To furnish this proof let us start from dry preparations fixed in alcohol or osmic acid, i. e., preparations which have been subjected to no greater alterations other than ordinary fixing and first examine the short and straight rods, which are generally quite plentiful. When the objective is lowered slowly, two clear, round, brilliant spots will come into view, lying at the poles and refracting light in the manner of convex surfaces. I call this form and the corresponding one seen in stained preparations the colon form, because of its similarity to the double points of the colon used in punctuation. Sometimes the dot at one pole is substituted by an elongate dash and this I shall designate as the i-form: an elongate form at both poles is much rarer. Finally, a whole row of such light, prominent, deeper staining points are found regularly spaced (streptococcus-form); often, the axis changes its direction slightly at these dots and it is this fact which causes the curvature and slight angularity of the rods.
With a different stain and moderate magnification, some preparations show apparently homogenous, uniformely stained rods. It is such figures that must have led to the organism being termed a bacillus. In so far as I have observed until now, they mostly appear when moderate staining has not been followed by decolorization or when the stain has been subsequently extracted by alcohol, chloroform or essential oils. (The process first indicated by Koch for the demonstration of tubercle bacilli seems especially appropriate for producing these figures; moreover different stains behave in different ways and the same stains may differ in results, according to the methods used.)

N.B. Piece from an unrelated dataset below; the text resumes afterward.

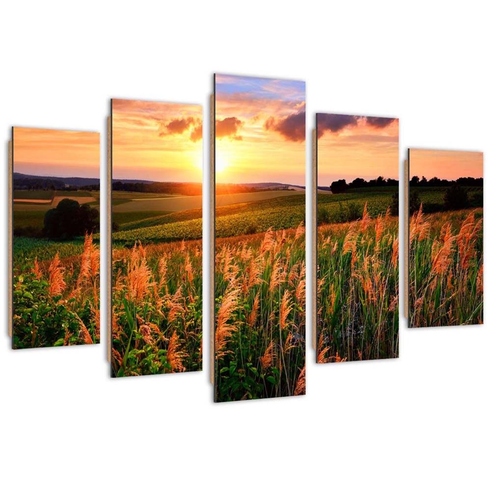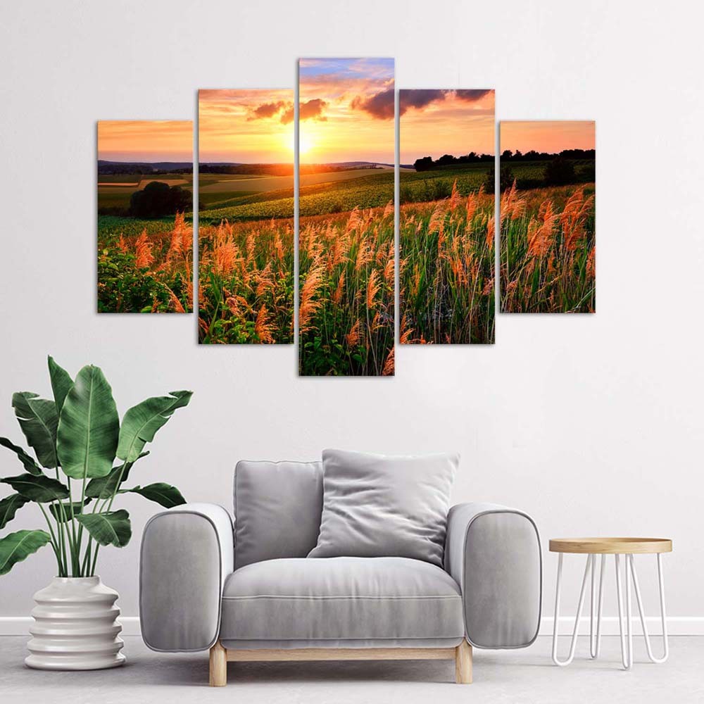- Ramka złożona z pięciu części „Zachód słońca na łące” wydrukowanych na płótnie MDF (włókno średniej gęstości).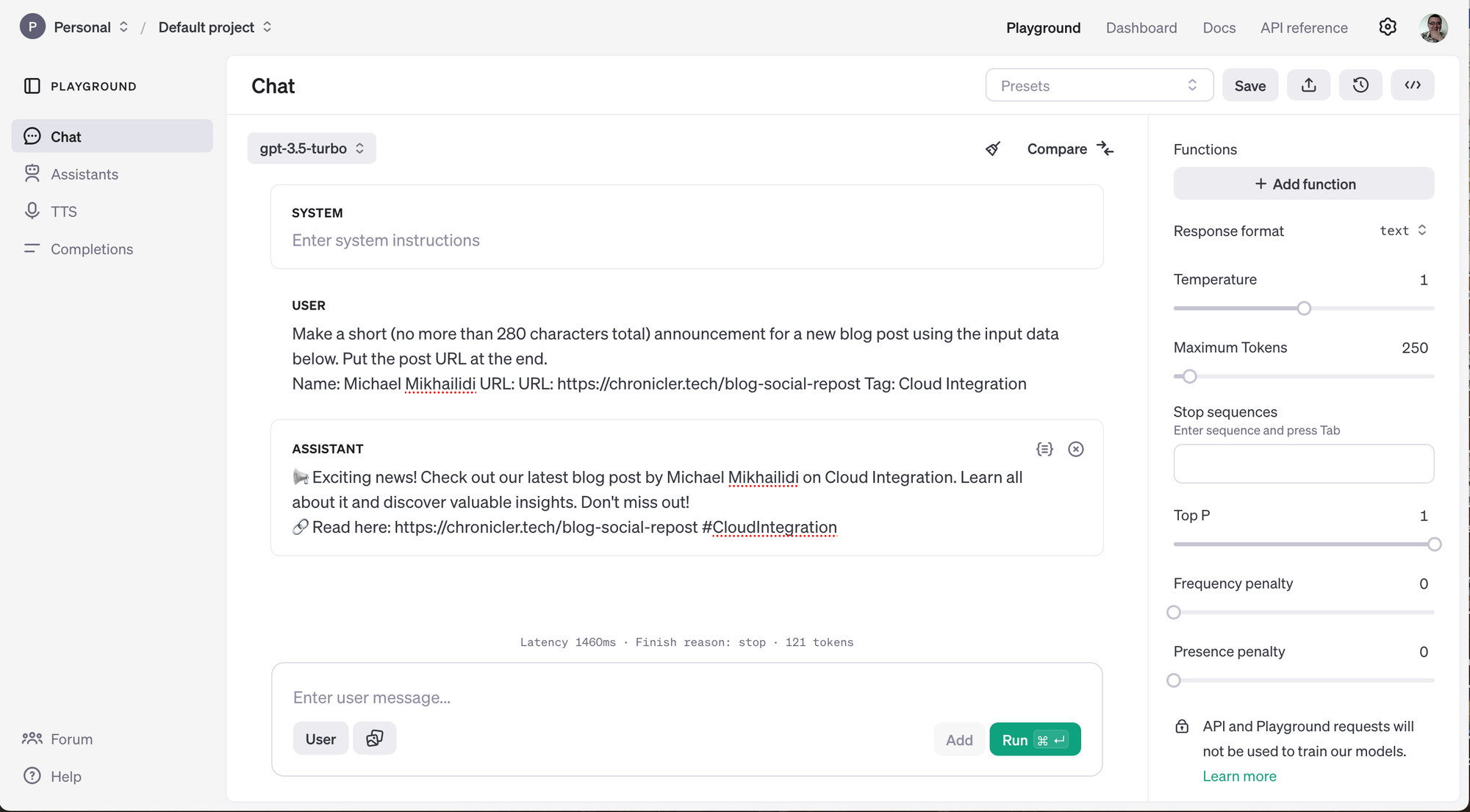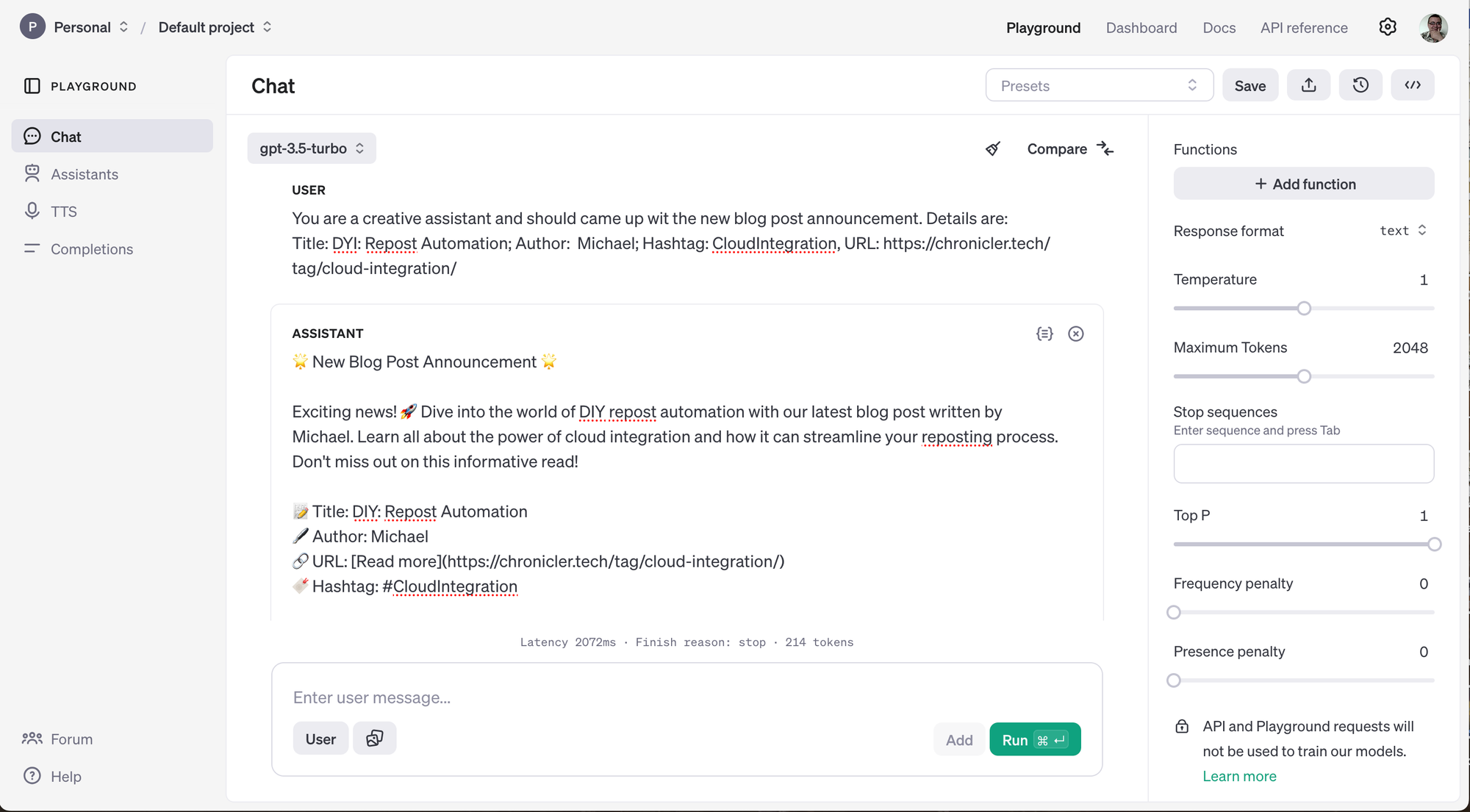 The system part of the prompt allows you to apply additional parameters and limitations outside of user interaction. We don't have system input and will not use it for prompt generation. Now, let's ask the model to generate an announcement for the first blog in this series - DYI: Repost Automation.

When gentian-violet or fuchsin are used and the preparations are first considerably overstained and then decolorized by prolonged and successive use of nitric acid and alcohol, quite different figures ensue. In each rod, a sharp demarcation between a deeply stained and a colorless or faintly stained substance can be seen. Sometimes a sort of double staining is obtained; with fuchsin it comprises dark and light red; with gentian between pale cherry red and deep blue-violet. The more intensely stained substance shows the above mentioned color, streptococcus and i forms; not infrequently, quite unconnected, rounded, coccus-like bodies, or microspheres, also become visible. If the interstitial substance has become totally decolorized, which generally happens in part of the rods, its existence is demonstrated by the coherent passive movement of the coccus-like groups (fig. 7). With incomplete decolorization, the impression of interrupted rods, like those seen in Unna's plates is obtained. Continuous rods, rods with isolated interruptions, and rods broken up into streptococcus pattern often occur together in the same preparation; the impression then conveyed is that they represent different stages of development. This supposition is only partiallyjustified, since there are no really homogenous rods.

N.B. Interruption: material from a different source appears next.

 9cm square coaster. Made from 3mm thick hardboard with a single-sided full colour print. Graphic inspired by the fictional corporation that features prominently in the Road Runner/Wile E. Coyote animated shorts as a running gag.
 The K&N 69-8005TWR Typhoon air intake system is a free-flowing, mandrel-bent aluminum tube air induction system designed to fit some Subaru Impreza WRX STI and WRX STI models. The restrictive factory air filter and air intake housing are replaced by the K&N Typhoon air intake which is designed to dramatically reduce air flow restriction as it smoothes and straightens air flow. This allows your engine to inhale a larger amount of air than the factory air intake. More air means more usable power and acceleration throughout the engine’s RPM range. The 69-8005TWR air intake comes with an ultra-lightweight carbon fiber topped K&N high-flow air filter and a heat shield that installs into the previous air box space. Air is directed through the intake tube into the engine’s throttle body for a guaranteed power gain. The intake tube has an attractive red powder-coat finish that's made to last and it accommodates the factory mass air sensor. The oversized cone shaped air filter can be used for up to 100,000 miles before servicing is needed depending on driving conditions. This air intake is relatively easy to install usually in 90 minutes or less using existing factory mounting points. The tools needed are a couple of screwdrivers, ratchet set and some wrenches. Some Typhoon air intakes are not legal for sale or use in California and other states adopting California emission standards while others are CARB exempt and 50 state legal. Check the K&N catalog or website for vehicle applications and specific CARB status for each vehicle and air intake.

By far the best preparations are obtained through the use of the following modification of Gram's method:
Staining is allowed to proceed for a relatively long period with the aid of a higher temperature, in a diluted solution of anilin-gentian-violet. (If the stain is used in a more highly concentrated form very disturbing granular precipitations of the dye are liable to occur). When even the thin sections show a saturated deep blue-violet, they are put successively into iodine-iodide solution, absolute alcohol containing 10 to 50, concentrated nitric acid and then into acid-free alcohol. They are allowed to remain for some time in each of these solutions and the process is repeated several times, but in the latter repetitions the iodine-iodide solution may be omitted. When the sections show only a bluish slate-gray color they are ready to be examined. I prefer to use as an examining solution, the excellent pure Thymen prepared by Schimmel and Co. of Leipzig. It does not attack the stain at all, it clears very well and it can be made volatile by heating without leaving any residue. If the sections are still deeply stained, clove oil is used and produces a slow and appropriate decolorization.
On examination, either a striking differential staining of dark, almost blue-black microspheres, lying in a pale-red rod are seen, or, if decolorization has proceeded further only the microspheres are left albeit, with a very intense coloration. Such preparations present a very beautiful picture, especially if a contrasting nuclear stain is also used. The clumps of bacilli appear as if made up of transparent masses interspersed with drops like stippling not unlike mist breaking up into its component droplets.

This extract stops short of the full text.